Figure 4Summary plot for the effect of important food sources of fructose-containing sugars on aspartate aminotransferase (AST). Data are weighted mean differences (95% confidence intervals) for summary effects of individual food sources and total food sources on ALT. Analyses conducted by generic, inverse variance random effects models (at least five trials available) or fixed effects models (fewer than five trials available). Between-study heterogeneity was assessed by the Cochrane Q statistic, where PQ < 0.100 is considered statistically significant, and quantified by the I2 statistic, where I2 ≥ 50% is considered evidence of substantial heterogeneity. The Grading of Recommendations, Assessment, Development and Evaluation (GRADE) of randomized controlled trials are rated as “High” certainty of evidence and can be downgraded by five domains and upgraded by one domain. The white squares represent no downgrades, while filled black squares indicate a single downgrade or upgrades for each outcome, and the black square with a white “2” indicates a double downgrade for each outcome.
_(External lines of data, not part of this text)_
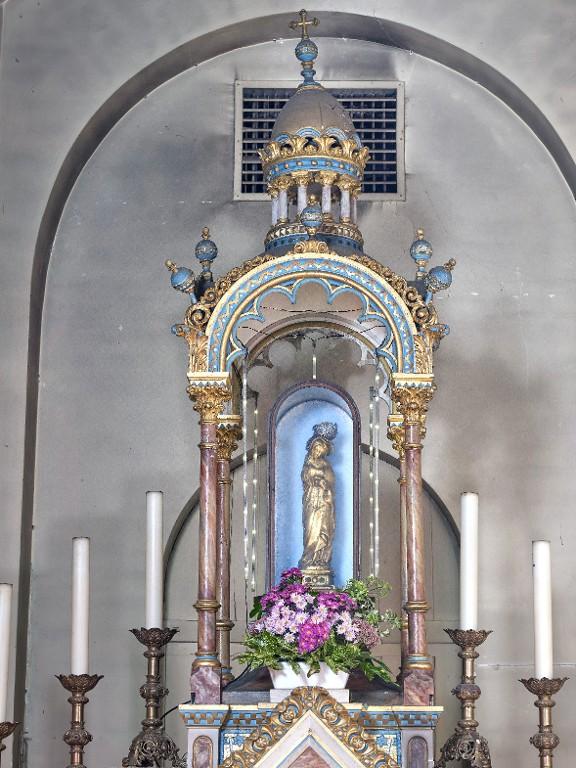 Il est composé de trois parties bien différentes : l'autel dont l'antependium est orné de trois arcades reposant sur des colonnettes doubles ; le tabernacle et le retable à gradins ; le ciborium miniature en partie supérieure destinée à accueillir une statue de la Vierge.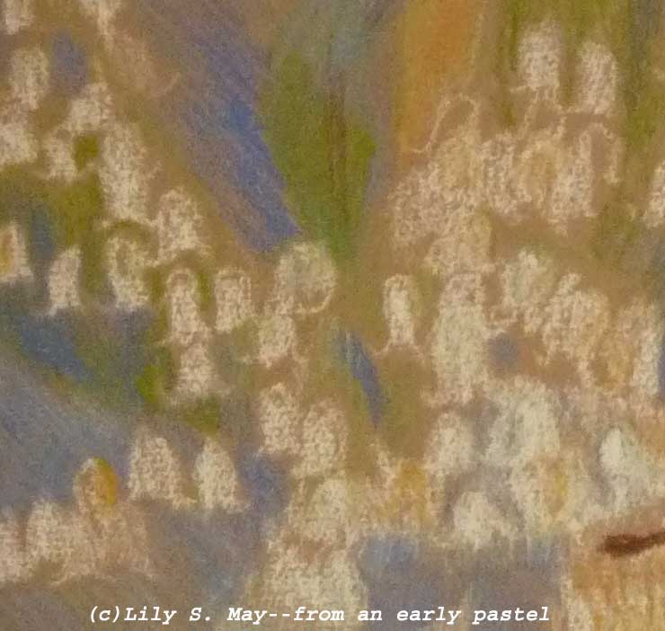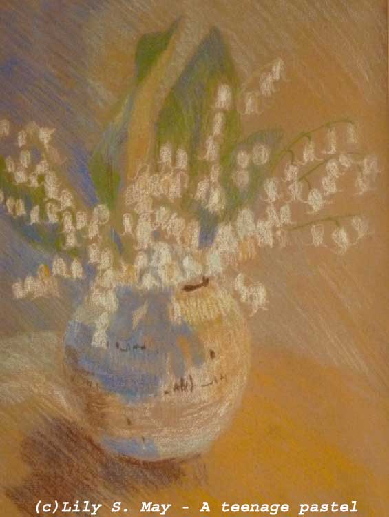 When I was around 16, I made a pastel drawing of lilies of the valley in a ceramic bowl. I loved those flowers and was very happy with what I’d done. That drawing was saved, I don’t know by whom, and now hangs on the wall of one of my relatives. When I saw the pastel recently, it brought to mind my high school art teacher’s negative sarcastic reaction to it, which was hurtful to me. By instructing me in a punishing way, I learned more about not measuring up than about how to improve my work.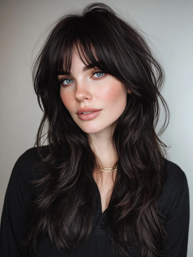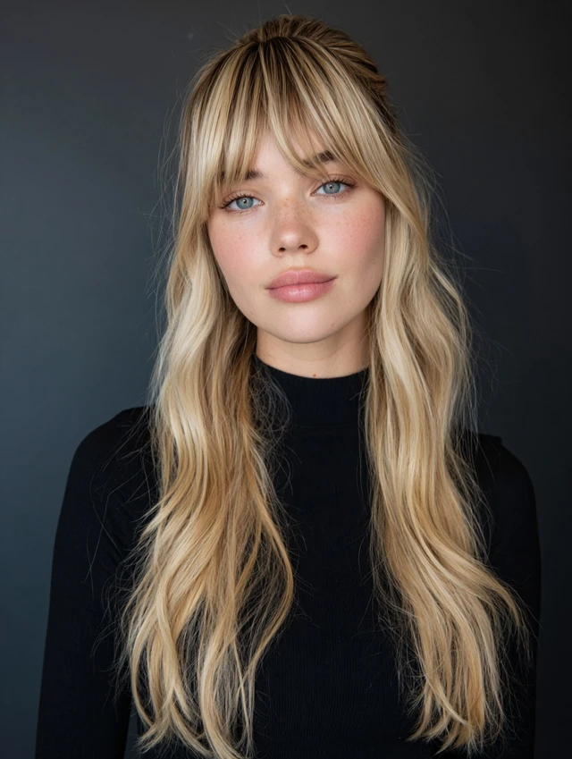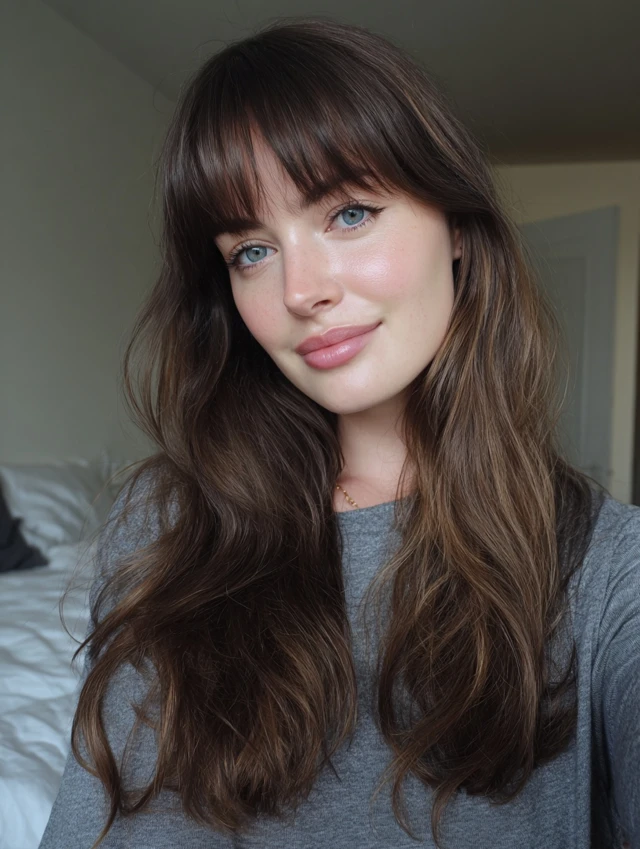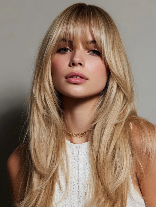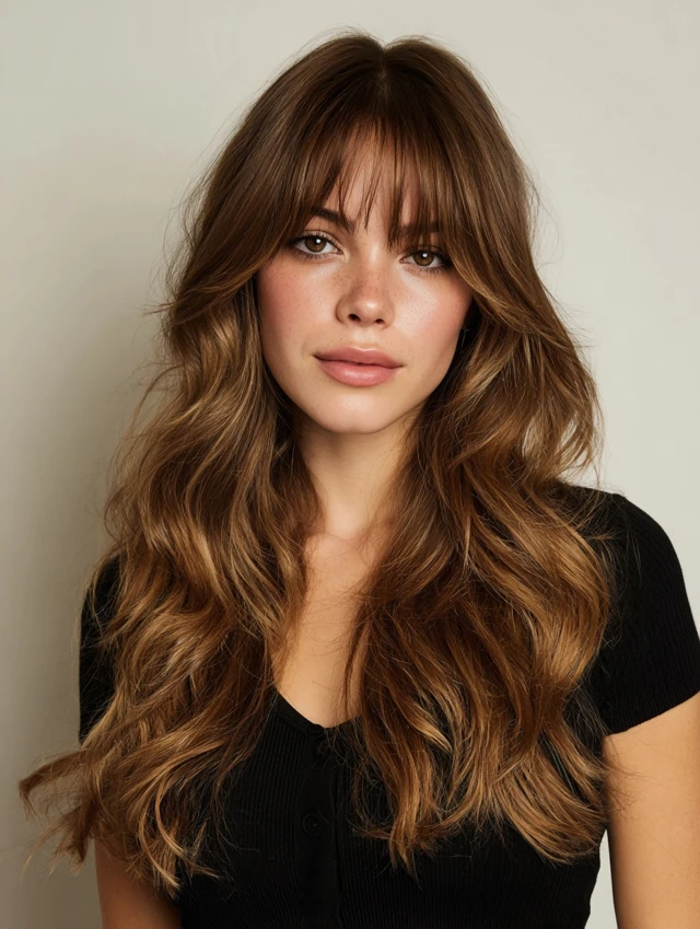Soft, balanced bangs frame the face while blending into the rest of the hair.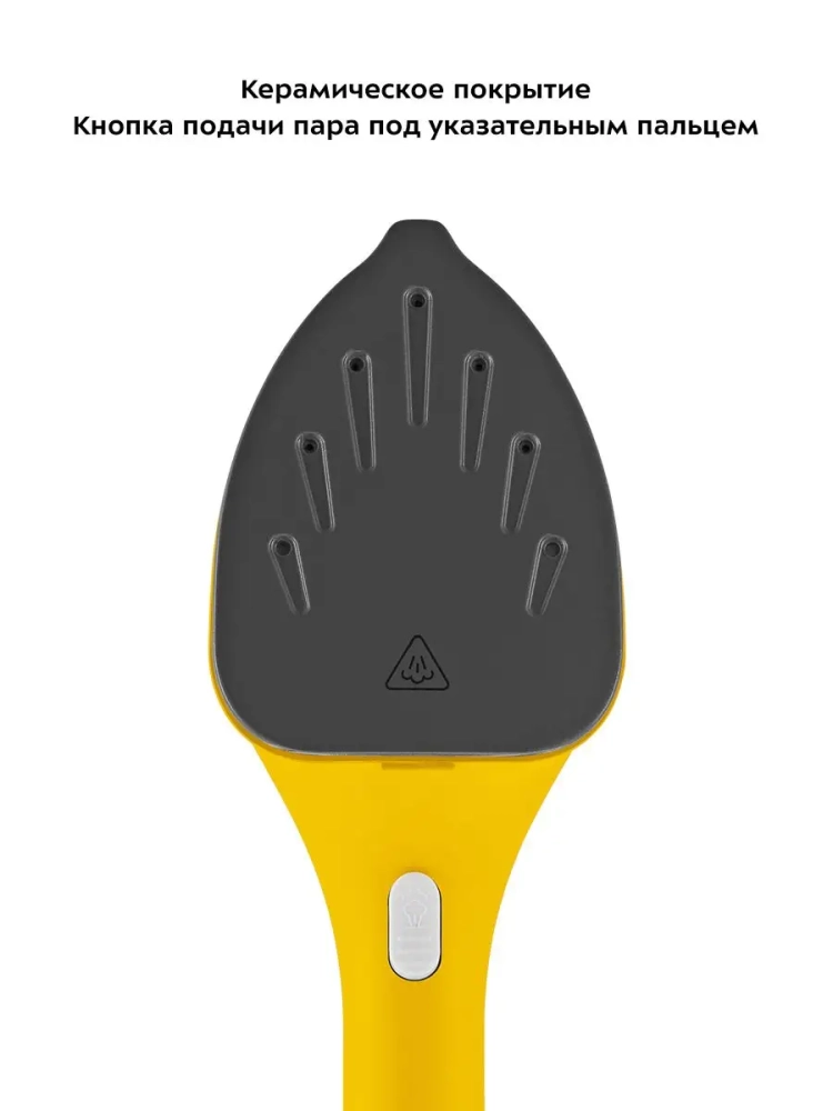 Рабочая поверхность, по форме напоминающая утюг, разгладит ткань даже в труднодоступных местах, например, рядом с пуговицами. Кнопка подачи пара расположена на ручке, поэтому ее удобно нажимать и удерживать при использовании отпаривателя.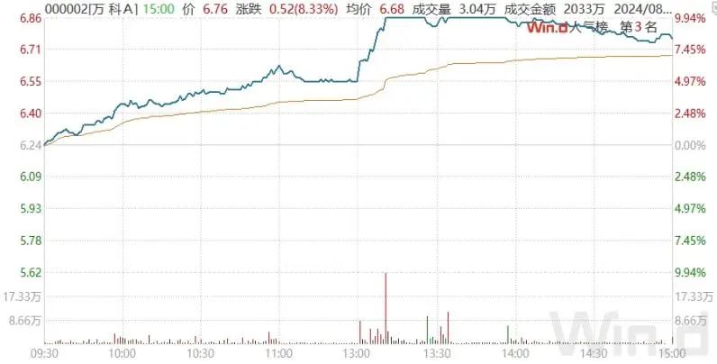其中,板块龙头万科A午后一度涨停,且时隔3个多月后再度涨停。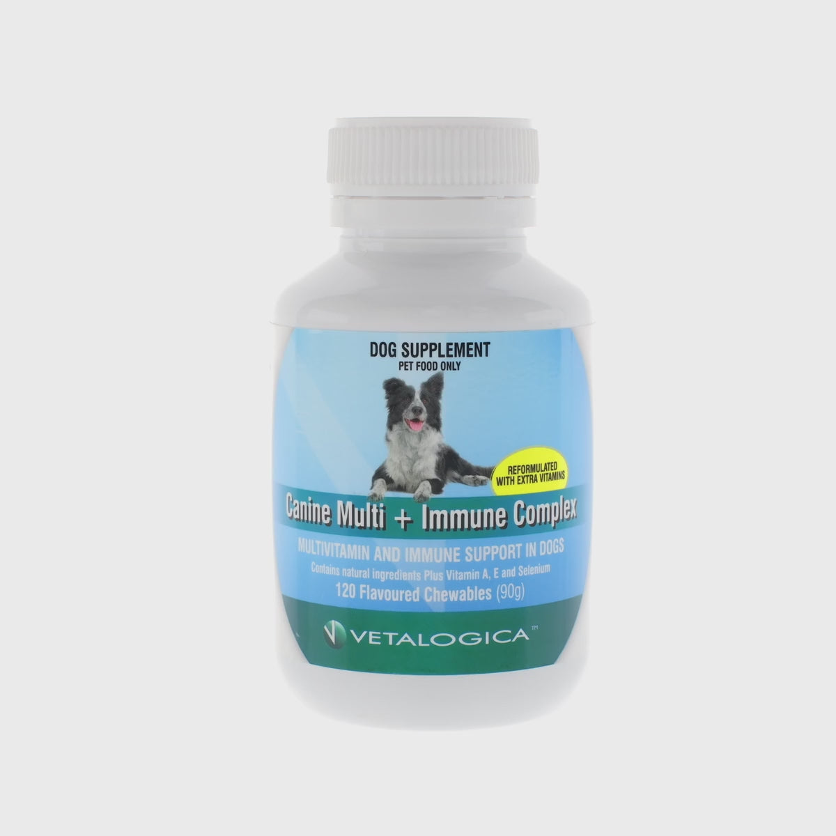 Vetalogica Canine Multi & Immune Complex is suitable for dogs of all ages and breeds, making it a convenient way to enhance your pet's nutritional intake and support their overall health.

AST = aspartate aminotransferase; CI = confidence interval; GRADE = Grading of Recommendations, Assessment, Development and Evaluation; MD = mean difference; N = number; SMD = standardized mean difference; SSB = sugar-sweetened beverage. a For the interpretation of the magnitude, we used the MIDs to assess the importance of magnitude of our point estimate using the effect size categories according to new GRADE guidance. * Where there was a significant interaction by food source in substitution and addition trials and SSBs and mixed sources were the sole food sources in subtraction and ad libitum trials, we performed the GRADE analysis for each individual food source. To convert U/L to ukat/L, multiply U/L by 0.0167.